I have written last week of the good feeling of merging patches upstream – even though since then I don’t think I got anything else merged … well, beside the bti fixes that I sent Greg – this week, let’s start with the opposite problem: how can you handle backports sanely, and have a quick way to check what was merged upstream? Well, the answer, at least for the software that is managed upstream with GIT, is quite easy to me.

Note: yes this is a more comprehensive rehashing of what I posted last December so if you’ve been following my blog for a long time you might not be extremely surprised by the content.

So let’s start with two ideas: branches and tags; for my system to work out properly, you need upstream to have tagged their releases properly; so if the foobar project just released version 1.2.3, we need to have a tag available that is called foobar-1.2.3, v1.2.3, or something along these lines. From that, we’ll start out a new “scratch branch”; it is important to note that it’s a scratch branch, because it means that it can be force-pushed and might require a complete new checkout to work properly. So we have something like the following:

% git clone git://git.foobar.floss/foobar.git
% cd foobar
% git checkout -b 1.2.3-gentoo origin/v1.2.3Code language: PHP (php)

This gives us the 1.2.3-gentoo branch as the scratch branch, and we’ll see how that behave in a moment. If upstream fails to provide tags you can also try to track down which exact commit a release corresponds to – it is tricky but not unfeasible – and replace origin/v1.2.3 with the actual SHA hash of the commit or, even better as you’ll guess by the end of the post, tag it yourself.

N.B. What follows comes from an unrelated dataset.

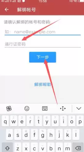 6、然后要求我们输入解绑的账号和密码才能执行到下一步,准确输入后,点击下一步,即可完成解绑。

The idea of using a scratch branch, rather than an actual “gentoo branch” is mostly out of simplicity to me; most of the time, I make more than a couple of changes to a project if I’m packaging it – mostly because I find it easier to just fix possible autotools minor issues before they actually spread throughout the package and other packages as well – but just the actual fixes I want to apply to the packaged version; cleanups, improvements and optimisations I send upstream and wait for the next release. I didn’t always do it this way, I admit.. I changed my opinion when I started maintaining too many packages to follow all of them individually. For this reason I usually have either a personal or a “gentoo” branch where I make changes to apply to master branch, which get sent upstream and merged, and a scratch branch to handle patches. It also makes it no different to add a custom patch or a backport to a specific version (do note, I’ll try to use the word “backport” whenever possible to stress the important of getting the stuff merged upstream so that it will be present in the future, hopefully).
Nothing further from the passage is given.